## Task to carry out
Leaving out each picture, transcribe the lines of the listing below exactly from the first through the line that contains "對(duì)于PS-b,相對".

─── The data ───

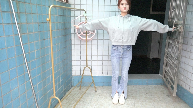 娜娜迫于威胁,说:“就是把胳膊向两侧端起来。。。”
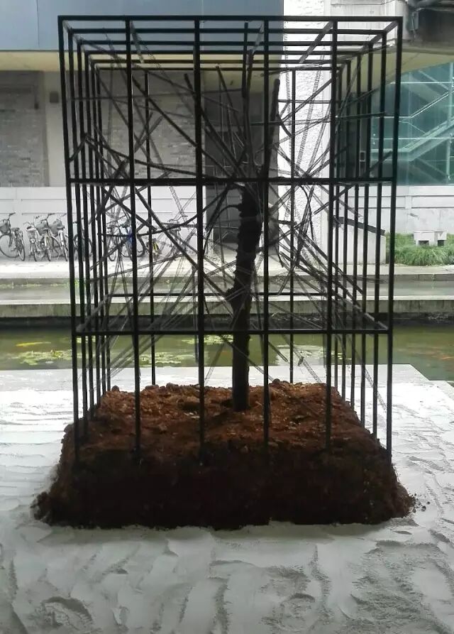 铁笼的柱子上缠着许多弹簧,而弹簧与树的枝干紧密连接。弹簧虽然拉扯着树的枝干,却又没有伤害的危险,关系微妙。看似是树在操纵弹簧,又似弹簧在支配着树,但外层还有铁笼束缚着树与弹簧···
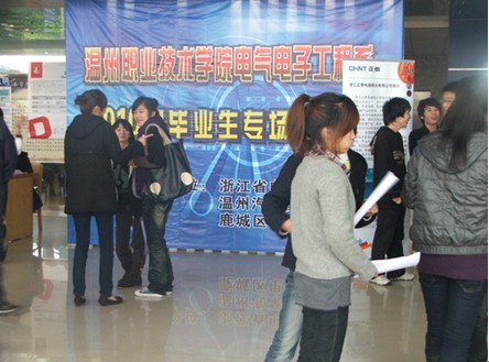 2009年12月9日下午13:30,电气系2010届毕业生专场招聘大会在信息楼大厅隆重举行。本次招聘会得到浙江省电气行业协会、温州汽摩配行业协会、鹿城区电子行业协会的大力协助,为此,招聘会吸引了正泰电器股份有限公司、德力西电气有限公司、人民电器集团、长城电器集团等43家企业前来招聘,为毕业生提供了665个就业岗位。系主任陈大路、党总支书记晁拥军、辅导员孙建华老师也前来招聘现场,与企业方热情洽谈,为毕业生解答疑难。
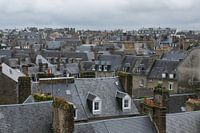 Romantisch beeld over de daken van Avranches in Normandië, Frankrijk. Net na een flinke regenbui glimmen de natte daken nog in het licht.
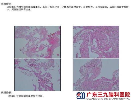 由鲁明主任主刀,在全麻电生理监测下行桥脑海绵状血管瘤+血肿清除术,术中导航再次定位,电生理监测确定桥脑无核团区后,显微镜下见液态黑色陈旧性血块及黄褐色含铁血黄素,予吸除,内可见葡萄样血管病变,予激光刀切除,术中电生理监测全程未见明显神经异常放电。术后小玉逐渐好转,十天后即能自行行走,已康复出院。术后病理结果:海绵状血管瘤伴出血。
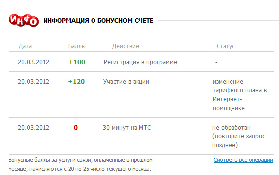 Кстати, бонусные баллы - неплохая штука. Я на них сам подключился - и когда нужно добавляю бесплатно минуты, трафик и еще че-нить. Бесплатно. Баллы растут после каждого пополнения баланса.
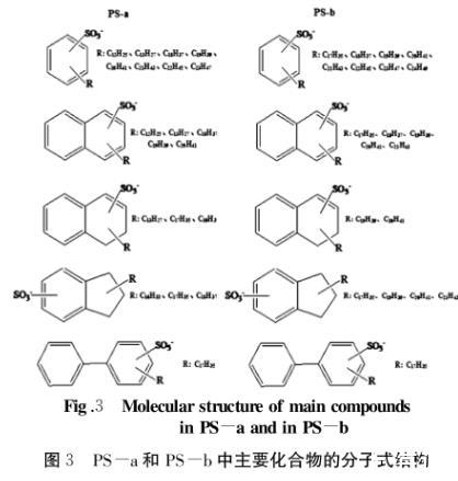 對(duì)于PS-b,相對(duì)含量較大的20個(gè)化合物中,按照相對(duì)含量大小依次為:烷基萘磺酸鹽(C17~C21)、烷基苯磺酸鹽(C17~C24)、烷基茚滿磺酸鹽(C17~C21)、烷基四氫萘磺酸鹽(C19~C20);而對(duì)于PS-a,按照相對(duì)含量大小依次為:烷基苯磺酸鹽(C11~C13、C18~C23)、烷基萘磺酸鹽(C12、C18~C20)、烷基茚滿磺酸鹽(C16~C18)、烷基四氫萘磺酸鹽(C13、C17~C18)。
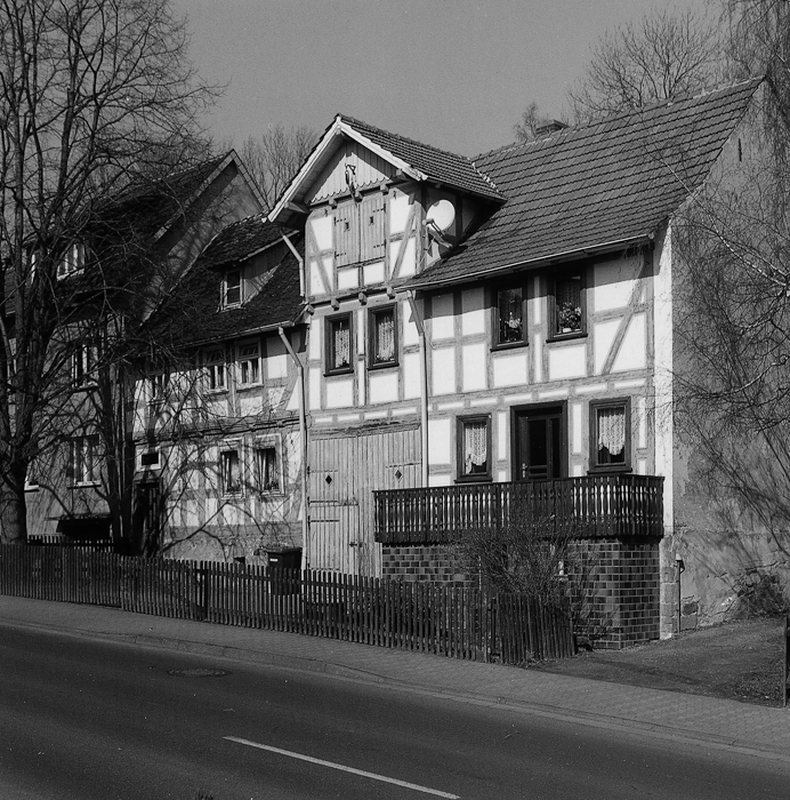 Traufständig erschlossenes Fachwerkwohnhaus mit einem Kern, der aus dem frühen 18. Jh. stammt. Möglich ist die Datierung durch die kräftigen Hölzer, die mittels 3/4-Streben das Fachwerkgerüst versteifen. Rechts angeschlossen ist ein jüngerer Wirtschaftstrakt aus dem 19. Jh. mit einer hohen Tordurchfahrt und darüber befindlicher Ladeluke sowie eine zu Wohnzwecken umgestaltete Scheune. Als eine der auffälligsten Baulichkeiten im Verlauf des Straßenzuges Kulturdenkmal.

───

## Result for this task
 娜娜迫于威胁,说:“就是把胳膊向两侧端起来。。。”
 铁笼的柱子上缠着许多弹簧,而弹簧与树的枝干紧密连接。弹簧虽然拉扯着树的枝干,却又没有伤害的危险,关系微妙。看似是树在操纵弹簧,又似弹簧在支配着树,但外层还有铁笼束缚着树与弹簧···
 2009年12月9日下午13:30,电气系2010届毕业生专场招聘大会在信息楼大厅隆重举行。本次招聘会得到浙江省电气行业协会、温州汽摩配行业协会、鹿城区电子行业协会的大力协助,为此,招聘会吸引了正泰电器股份有限公司、德力西电气有限公司、人民电器集团、长城电器集团等43家企业前来招聘,为毕业生提供了665个就业岗位。系主任陈大路、党总支书记晁拥军、辅导员孙建华老师也前来招聘现场,与企业方热情洽谈,为毕业生解答疑难。
 Romantisch beeld over de daken van Avranches in Normandië, Frankrijk. Net na een flinke regenbui glimmen de natte daken nog in het licht.
 由鲁明主任主刀,在全麻电生理监测下行桥脑海绵状血管瘤+血肿清除术,术中导航再次定位,电生理监测确定桥脑无核团区后,显微镜下见液态黑色陈旧性血块及黄褐色含铁血黄素,予吸除,内可见葡萄样血管病变,予激光刀切除,术中电生理监测全程未见明显神经异常放电。术后小玉逐渐好转,十天后即能自行行走,已康复出院。术后病理结果:海绵状血管瘤伴出血。
 Кстати, бонусные баллы - неплохая штука. Я на них сам подключился - и когда нужно добавляю бесплатно минуты, трафик и еще че-нить. Бесплатно. Баллы растут после каждого пополнения баланса.
 對(duì)于PS-b,相對(duì)含量較大的20個(gè)化合物中,按照相對(duì)含量大小依次為:烷基萘磺酸鹽(C17~C21)、烷基苯磺酸鹽(C17~C24)、烷基茚滿磺酸鹽(C17~C21)、烷基四氫萘磺酸鹽(C19~C20);而對(duì)于PS-a,按照相對(duì)含量大小依次為:烷基苯磺酸鹽(C11~C13、C18~C23)、烷基萘磺酸鹽(C12、C18~C20)、烷基茚滿磺酸鹽(C16~C18)、烷基四氫萘磺酸鹽(C13、C17~C18)。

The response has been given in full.